Extracted information:
┄┄┄┄┄┄
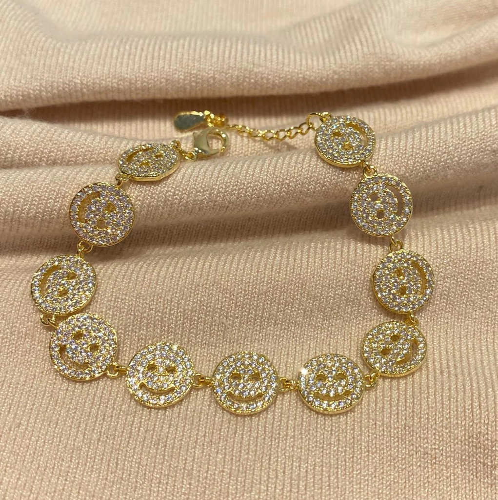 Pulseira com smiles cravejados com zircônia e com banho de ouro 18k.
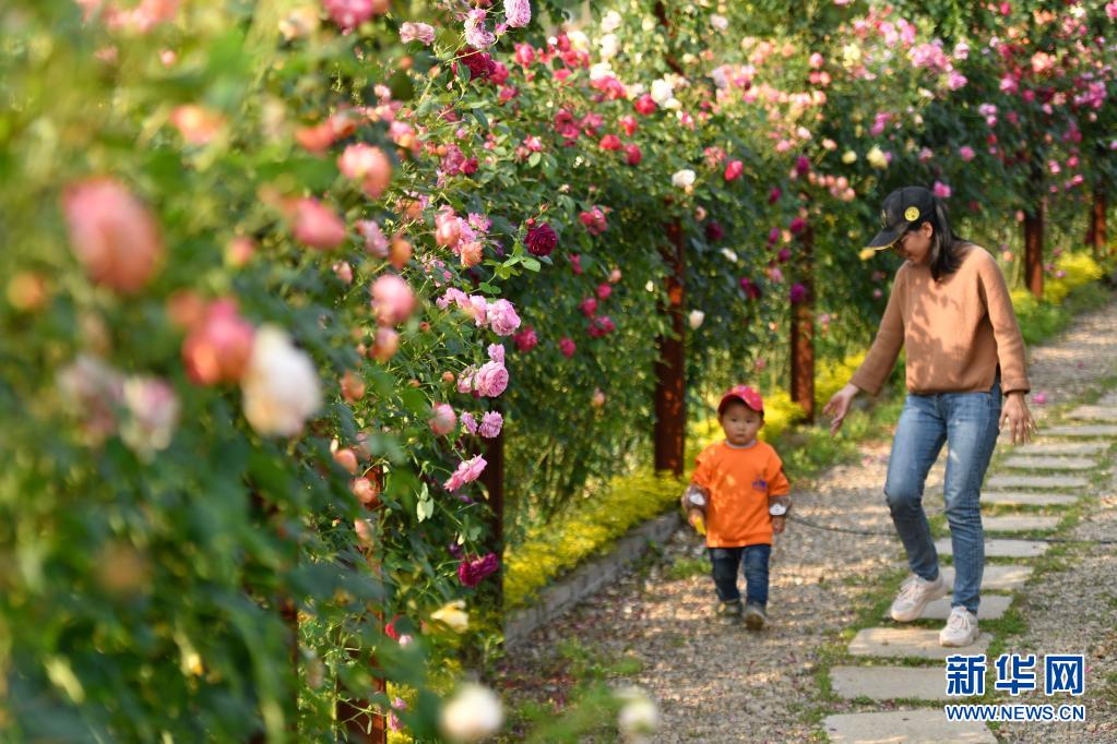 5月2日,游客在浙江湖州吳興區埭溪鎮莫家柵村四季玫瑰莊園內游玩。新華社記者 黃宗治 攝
┄┄┄┄┄┄
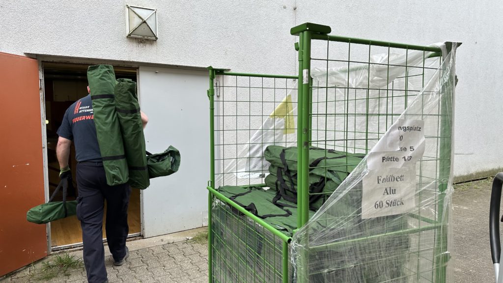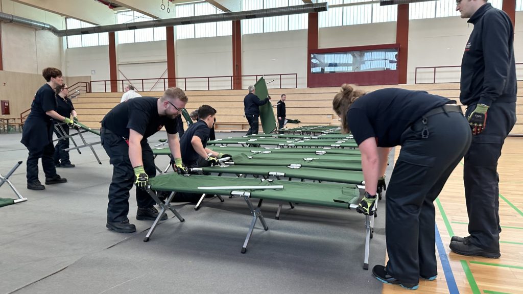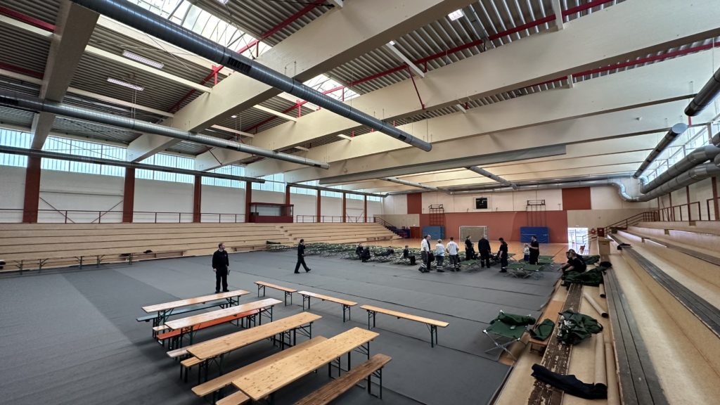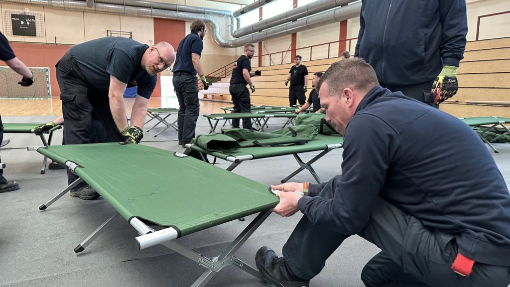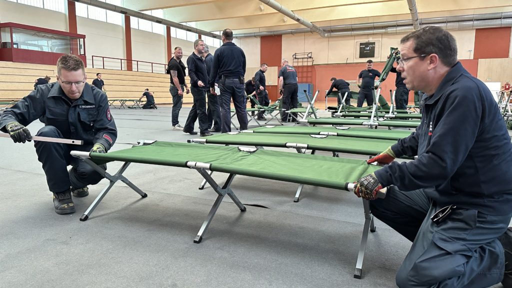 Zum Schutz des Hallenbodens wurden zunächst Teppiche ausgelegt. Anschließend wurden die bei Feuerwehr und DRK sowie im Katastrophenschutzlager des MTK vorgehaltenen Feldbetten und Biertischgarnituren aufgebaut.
┄┄┄┄┄┄
Goal of the exercise: What you need to produce is an exact copy of the entries above, limited to the lines from the one with "Pulseira com smiles" up to and including the one with "5月2日,游客在浙江湖州吳興區埭溪鎮莫家柵村四季玫瑰莊園內游玩。新華社記者 黃宗治 攝", without pictures.

Expected answer:
 Pulseira com smiles cravejados com zircônia e com banho de ouro 18k.
 5月2日,游客在浙江湖州吳興區埭溪鎮莫家柵村四季玫瑰莊園內游玩。新華社記者 黃宗治 攝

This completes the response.